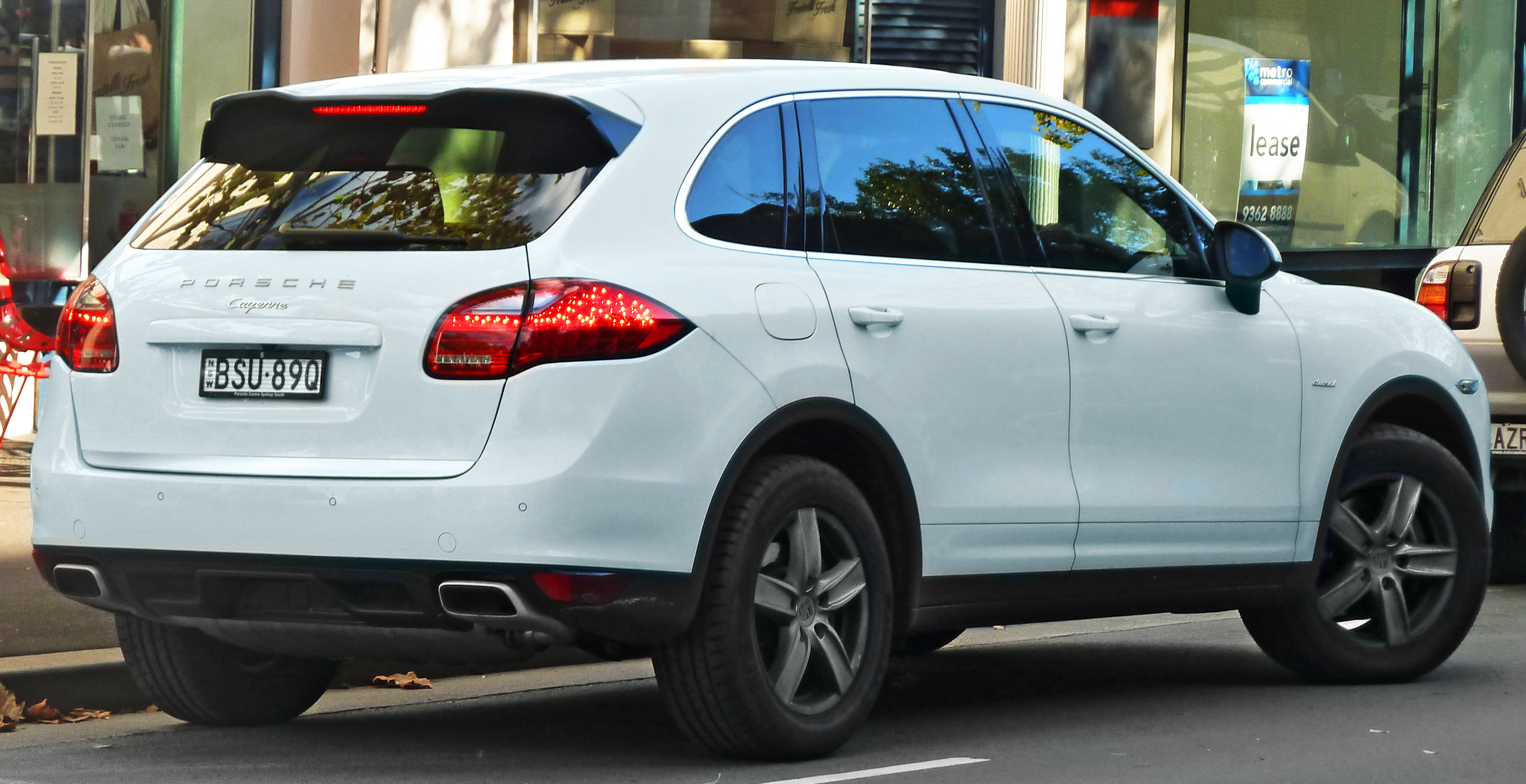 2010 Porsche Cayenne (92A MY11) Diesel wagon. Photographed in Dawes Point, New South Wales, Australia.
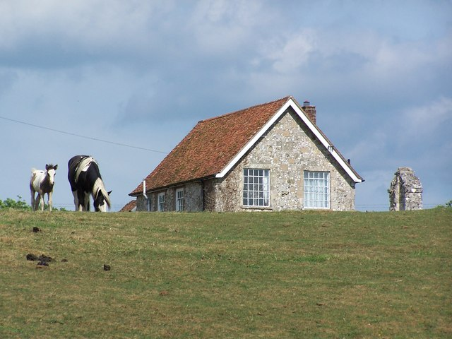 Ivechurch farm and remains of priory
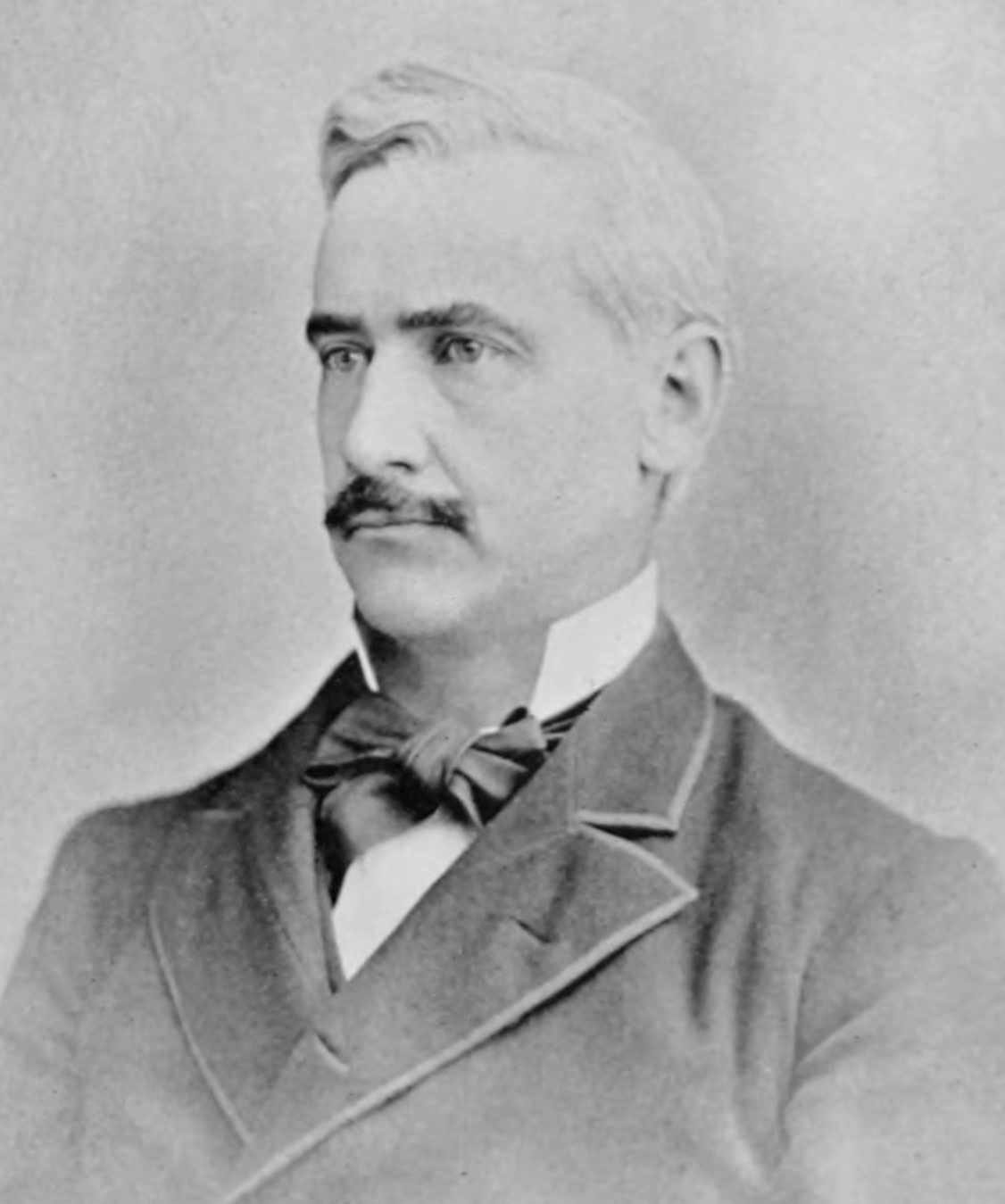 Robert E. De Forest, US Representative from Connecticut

| WHAT THIS TASK INVOLVES |
Return the material above verbatim. Pictures are to be excluded.

| RESULT OF THIS EXERCISE |
 2010 Porsche Cayenne (92A MY11) Diesel wagon. Photographed in Dawes Point, New South Wales, Australia.
 Ivechurch farm and remains of priory
 Robert E. De Forest, US Representative from Connecticut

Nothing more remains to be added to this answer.